Before Justice Scalia had his way in several 5-4 decisions he authored for the high court’s majority, if you could prove that an arbitration clause would undermine a civil rights statute or a consumer protection law, then general rules of contract law would make the contract unenforceable.
But in 2011’s AT&T Mobility v. Concepcion ruling, the Supreme Court created an exception to that rule, saying that arbitration clauses should be enforced even where that’s true.
Bland believes that if Scalia is replaced by a progressive justice, some of his arbitration rulings will be overturned.
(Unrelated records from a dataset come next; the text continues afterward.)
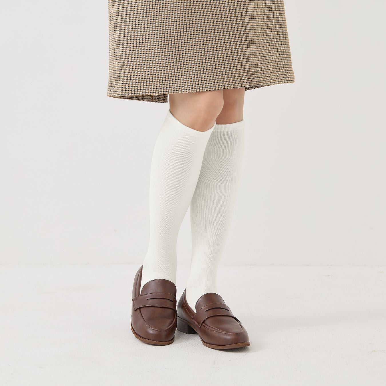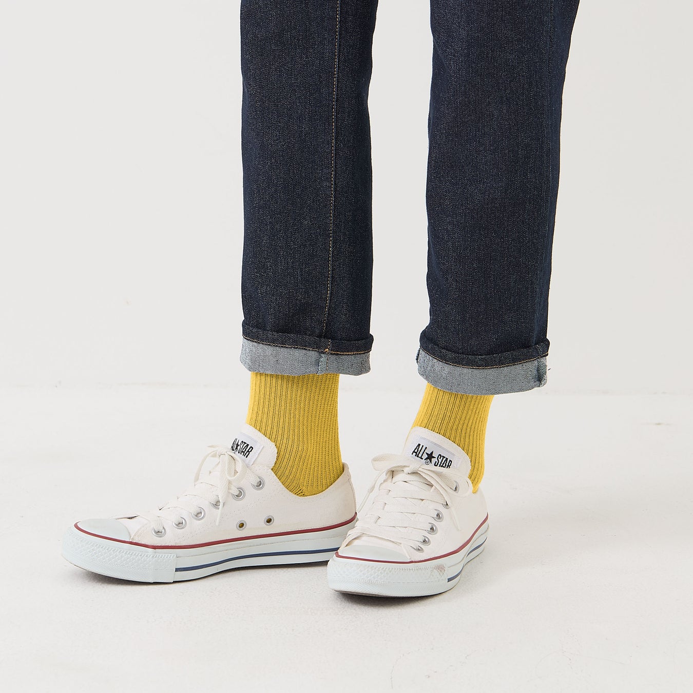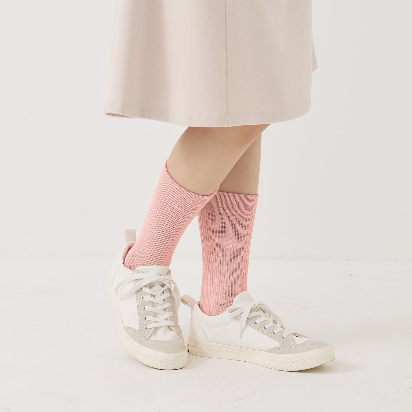 パンプスやローファーもすっきり履けて、きれいめコーディネートも楽しめる薄手の無地タイプと、スニーカーやブーツなどカジュアルな靴にもぴったりのリブタイプの2タイプ
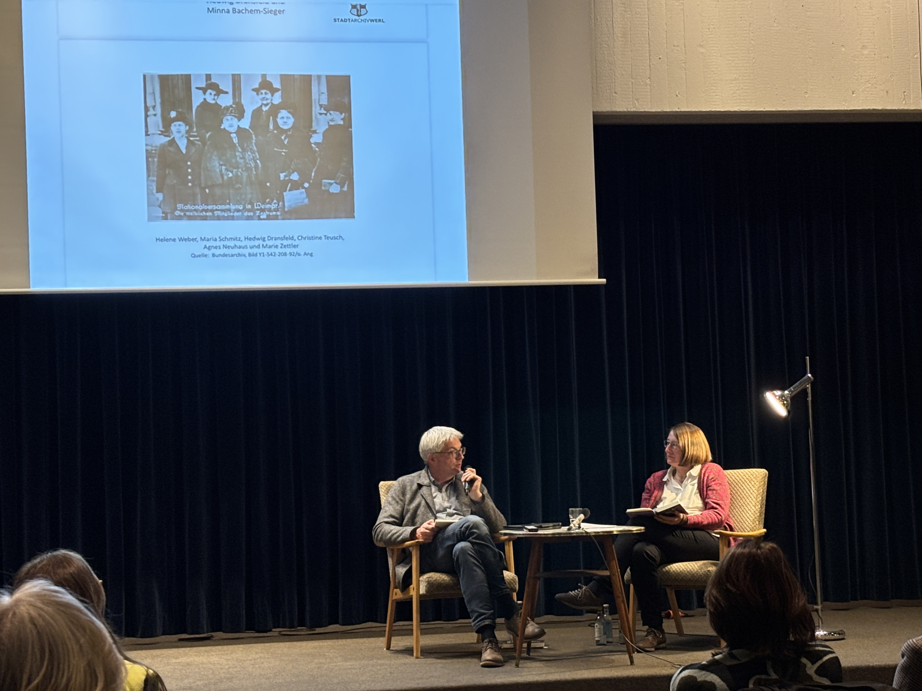 In einem lockeren und entspannten Gespräch mit Konrad Beckmann, dem Schulleiter des Ursulinengymnasiums, wurden spannende Einblicke in das Leben der Werler Ehrenbürgerin und der wohl „bekanntesten Bewohnerin des Ursulinenklosters“, so Beckmann, gegeben. So wurden sowohl Erlebnisse ihrer Kindheit in Hacheney beleuchtet, der frühe und Hedwig prägende Verlust der Schwester und auch der Eltern angesprochen. Ihr Weg zu den Ursulinen wurde nachgezeichnet und ihr Wirken an der Schule in der Neuerstraße beleuchtet. Von dort aus entwickelte Hedwig Dransfeld ihre Rolle als Schriftführerin der Zeitschrift „Die christliche Frau“ und trat damit in die katholische und politische Welt des frühen 20. Jahrhunderts ein. Entsprechend ging Barbara Schmidt auch auf Hedwig Dransfelds Wirken in der Nationalversammlung im Berliner Reichstag und schließlich auf ihren zu frühen Tod in Folge ihrer Erkrankung an Knochentuberkulose am 13. März 1925 ein.
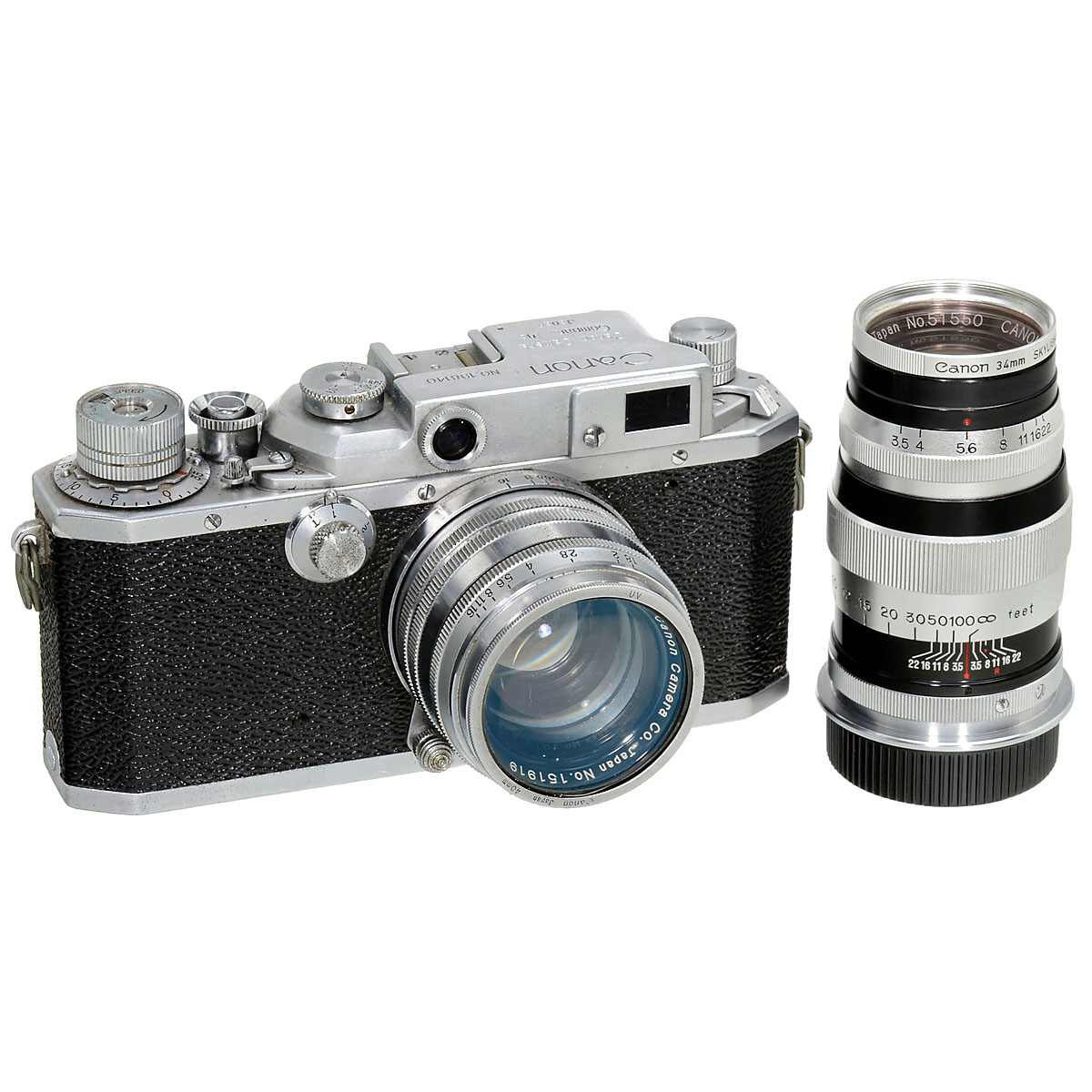 Canon, Japan. 1) Canon II D2, no. 198140, with case. (3-/3) – 2) Canon Lens 1,8/50 mm, no. 151919, feet, UV filter, fungus. (2–3/4) – And: 3) Canon Lens 3,5/100 mm, no. 51550, feet, black/chrome, skylight filter, both caps, with case, fungus. (2/4) – Both cases with the legendary 25th anniversary Canon "Eagle" logo.
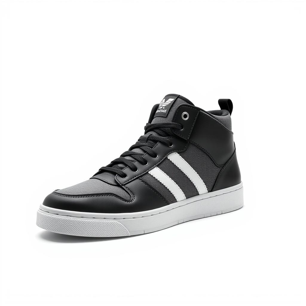 athletic, black, casual, comfortable, durable, fashion, footwear, high-top, laces, leather, men's, shoe, shoes, sneaker, sole, stripe, style, trend, wear, white
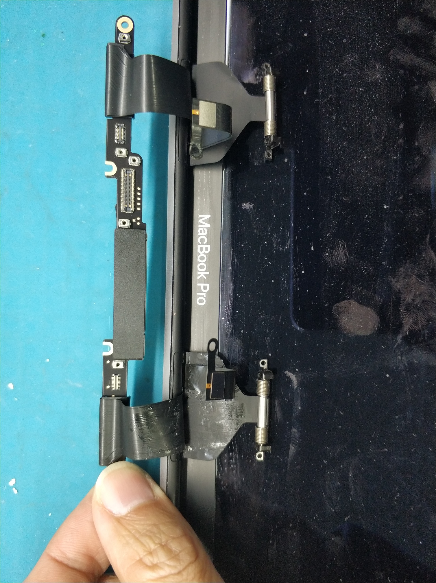 靠顶部这个位置,大小螺丝全部拆掉,拿下这个压条就可以把屏幕整个拿下来了。接下来就简单了,打包发同行,修复回来装上,完美
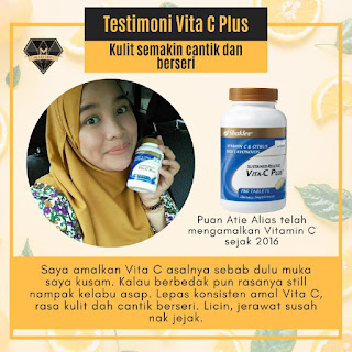 " Saya amalkan Vita C asalnya sebab dulu muka saya kusam. Kalau berbedak pun rasanya still nampak kelabu asap. Lepas konsisten amal Vita C, rasa kulit dah cantik berseri. Licin, jerawat susah nak jejak". Puan Atie Alias
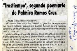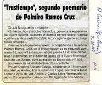 "Trastiempo", segundo poemario de Palmira Ramos Cruz [artículo] El Andino (Diario : Los Andes, Chile) nov. 9, 1999, p. 3. .
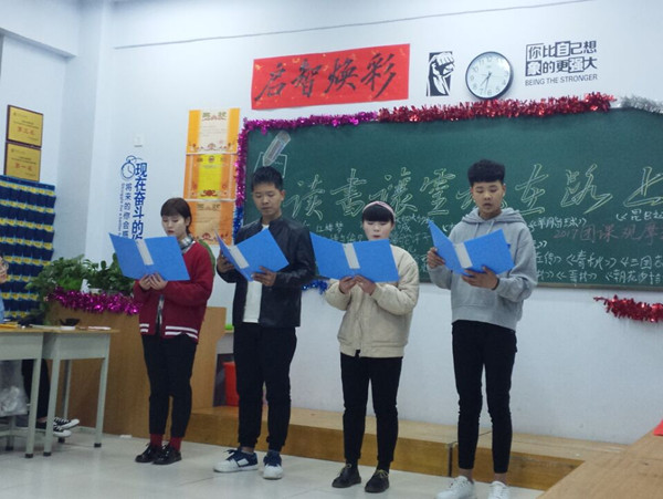 本次团会以两位同学分享的读书心得和读书体会为启幕。分别对同学们分享了自己对于图书的热爱及对读书时的真实感受,引起了大家的共鸣。接下来的小游戏环节“名著接龙”同学们踊跃参加,一度把晚会的气氛推向高潮。在同学们兴奋之余,由四位同学演讲的诗朗诵《我读书,我成长,我快乐》使在场的所有同学都置身于畅游书海的欢乐之中,再次让团会推向高潮。
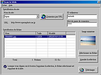 Utilisez cette application pour numériser une image puis la télécharger sur le site de partage de photos EPSON. Lorsque vous lancez cette application, une image est numérisée à partir de EPSON TWAIN et affichée dans la boîte de dialogue Verify Assistant. Cliquez sur Terminer ; la boîte de dialogue ci-dessous s'affiche. Cliquez sur Télécharger pour télécharger l'image. Pour plus de détails, reportez-vous à la documentation d'EPSON Smart Panel.
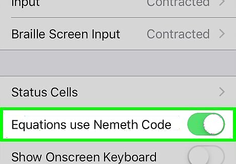 Slide Equations Use Nemeth Code. When enabled, the braille display will use a linear format for mathematical equations on your braille display.
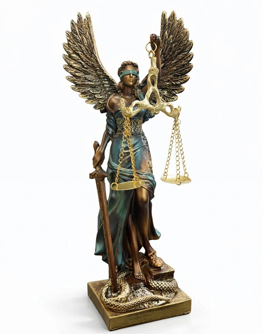 30X9 CM POLYESTER KANATLI ADALET BİBLOSUÜrün Özellikleri30x9 cm Polyester Kanatlı Adalet Biblosu, klasik adalet figürünü kanat detayı ile tamamlayan özel tasarımı sayesinde dekoratif alanlarda dikkat çekici bir duruş sergiler. 30x9 cm ölçülerindeki ideal boyutu ile masa, konsol ve kitaplık üzerinde rahatlıkla konumlandırılabilir. Polyester malzemeden üretilmiş olan kanatlı adalet biblosu, detaylı figür yapısı ve estetik görünümü ile bulunduğu ortama güçlü bir karakter kazandırır. Hukuk büroları ve ofis ortamları için anlamlı bir aksesuar olan polyester adalet figürü, hem sembolik hem de dekoratif bir obje olarak öne çıkar. Kanatlı tasarımı sayesinde klasik modellerden ayrılan dekoratif adalet heykeli, modern ve geleneksel dekorasyon stilleri ile uyum sağlar.Ürün Teknik Özellikleri Özellik Açıklama Ürün Adı 30x9 cm Polyester Kanatlı Adalet Biblosu Boyut 30 x 9 cm Malzeme Polyester Tasarım Kanatlı Adalet Figürü Kullanım Alanı Ofis, Hukuk Bürosu ve Dekoratif Alanlar Paket İçeriği1 Adet 30x9 cm Polyester Kanatlı Adalet Biblosu

In fact, Justice Ginsberg has compared the decisions to a body of law from the early 1900s, known as the Lochner era, that lawyers generally view as a period of misguided activism by the high court. For example, child labor laws were struck down because who says an eight-year-old doesn’t have utility? Here’s Ginsberg, just weeks before Scalia passed earlier this year:
I was reminded of Lochner reading some decisions of the Court concerning workers, consumers, credit card holders who signed agreements saying “if you have a dispute with us, you can bring it only in arbitration — not in court — and you cannot use the class action device. You must sue for your individual claim, which might be 30 dollars, and that’s it.”
Bland agrees with the vulnerability of those decisions. “If you have a progressive justice, there’s a significant chance a lot of the worst decisions could be overturned,” he says. But Bland adds that no one really knows where Obama nominee Merrick Garland stands on these issues.